Я решил немножко попеть, раз дома никого нет. Нашел песню про крейсер «Варяг» и как заору: «Наверх! Вы! Товарищи! Все по местам! Последний! Парад! Наступает!!!»
Тут в дверь застучали.
– Дениска, что с тобой? – Я услышал голос соседки Веры Сергеевны.
– Ничего, – сказал я и продолжал: – Врагуууу! Не сдаееется! Наш! Гордый! Варяг!!!
– Дениска! – Она застучала еще громче.
– А вдруг это он поет? – услышал я голос Аленки. Она тоже выскочила в коридор. Мы же с ней жили в одной коммунальной квартире, их комната была как раз через стенку.
– Нет, нет, – сказала Вера Сергеевна. – Наверное, он хотел забраться на подоконник, и упал, и сломал руку! И закричал, потому что ему больно. Денис, Дениска! – закричала она через дверь. – Как ты себя чувствуешь?
– Хорошо! – закричал я.
– Почему же ты так закричал? – спросила она. – Я даже испугалась!
– Это я пою песню про крейсер «Варяг»!
– Я же говорила! – крикнула Аленка.
– Не смей больше петь! – сказала Вера Сергеевна и ушла, я слышал ее шаги по коридору. Аленка тоже убежала. И мне совсем расхотелось петь. Я поставил книжку «Лейся, песня!» на место и больше ее не брал.
Когда я был в третьем классе, мы переехали в новую отдельную квартиру, и я пошел в другую школу. Номер 175.
Эта школа была совсем другая. Огромная, красивая, высокие потолки, внутренняя парадная лестница с первого этажа на второй. На третьем этаже учительская, куда надо было подняться еще по одной двукрылой лестнице с полированными пузатыми балясинами.
До пятого класса у нас была учительница Лидия Сергеевна. Один раз она сказала своим красивым голосом:
– Дети, сейчас шестьдесят первый год! Пройдет сорок лет, и наступит двадцать первый век! Представляете себе, как повезло вашему поколению? Вы увидите не только новый век, но и новое тысячелетие! – Мы прямо замерли от восторга, а она продолжала: – Да, дети, вы будете уже не молодыми людьми, но и не старыми. Вам будет по пятьдесят лет. Можно сказать – целых пятьдесят! А можно сказать – всего пятьдесят! Пора зрелости и опыта, мудрости и силы… – И так далее и тому подобное.

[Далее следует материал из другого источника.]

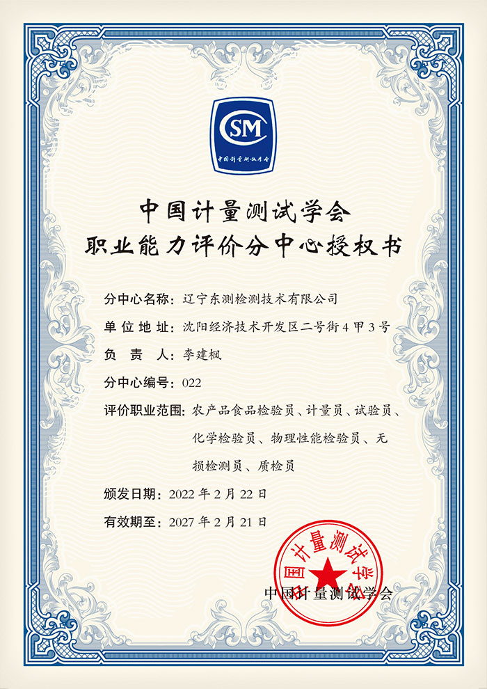 中國計量測試學(xué)會職業(yè)能力評價分中心授權(quán)書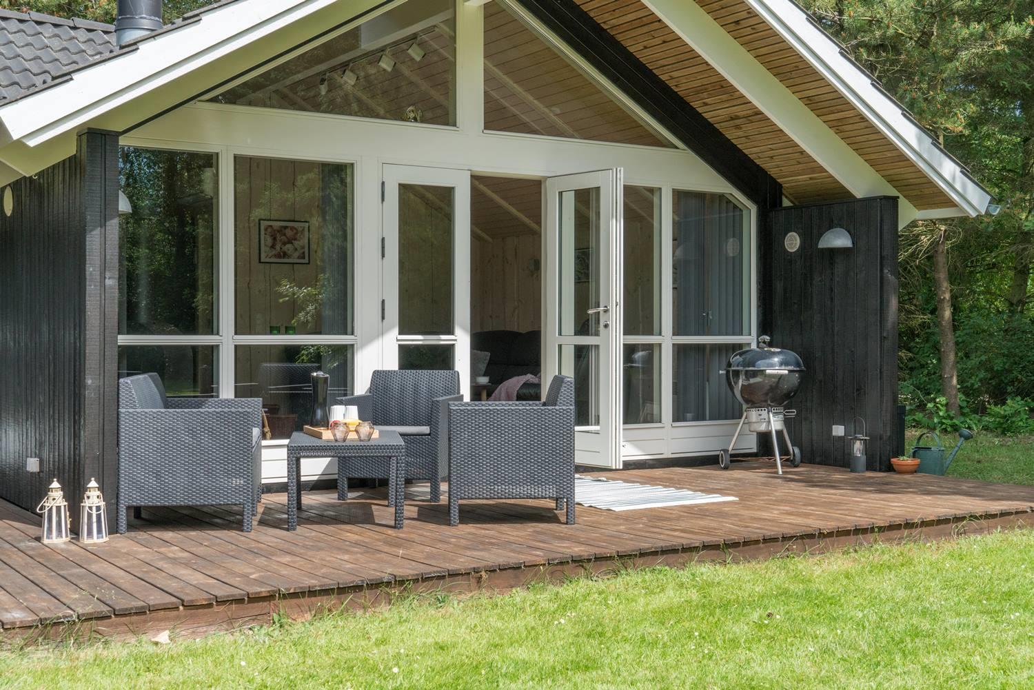 Udendørsområdet er som skabt til familier og naturelskere. På den store naturgrund er der masser af plads til leg og afslapning. Den overdækkede terrasse giver mulighed for at nyde maden i det fri – uanset vind og vejr – hvad enten det er morgenkaffe med fuglefløjt eller en hyggelig aften med god mad.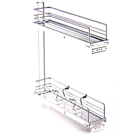 Featured here is a kitchen rack for storing different bottles. The quality steel construction is coated with silver powder for lasting beauty. This steel bottle rack makes a handsome addition to your kitchen.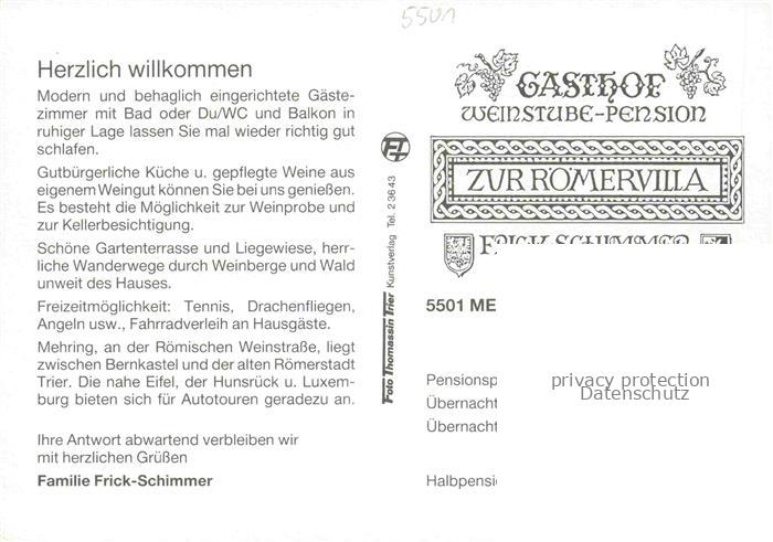 74053415 Mehring Mosel Gasthof Weinstube Pension zur Roemervilla Gastraum Fremdenzimmer postalisch nicht gelaufen Erhaltung siehe scans [FriedD77] KatCode: 11110007235083

Вдруг одна девочка руку тянет, просто на месте усидеть не может.
Лидия Сергеевна ей кивает.
Она встает и гордо глядит на остальных девчонок:
– А мне будет сорок девять!
В те времена московские улицы были совсем другие, чем сейчас. Деревьев было гораздо больше, а машин – гораздо меньше.
Гораздо – не то слово. В тридцать раз! Представьте себе Тверскую улицу сегодня – в час пик. От Пушкинской до Манежной площади в пробке стоит тысяча автомобилей. И обратно столько же. Две тысячи машин стоят и почти не двигаются. А тогда по этой улице туда и обратно ехало примерно семьдесят машин. Поэтому пробок никаких не было. Даже смешно – какие пробки, пустая улица!
Машин было мало, и поэтому неожиданный запах бензина во дворе казался приятным. Запах техники!
Машины были почти все одинаковые. Только советские. «Волги» и «Москвичи». Старые «Победы». Члены правительства ездили на «ЗИМах» и «ЗИСах». Потом, когда мне было десять лет, появилась новая правительственная машина «Чайка» – огромная и тяжелая, вся в никелированных украшениях. Взрослые говорили: «Танк во фраке».
А иномарок на улицах не было совсем. Ну, может, триста штук на всю Москву – посольские машины, на них ездили иностранные дипломаты. Даже слова такого не было – «иномарка». Говорили – «заграничная машина». Когда такая машина останавливалась у тротуара – мальчишки тут же сбегались смотреть. Некоторые даже собирали воображаемую коллекцию. И хвастались, кто больше заграничных машин видел. «Я вчера видел шведскую машину «Вольво»!» – «Подумаешь! А я тоже вчера – «Плимут» и «Мерседес»!».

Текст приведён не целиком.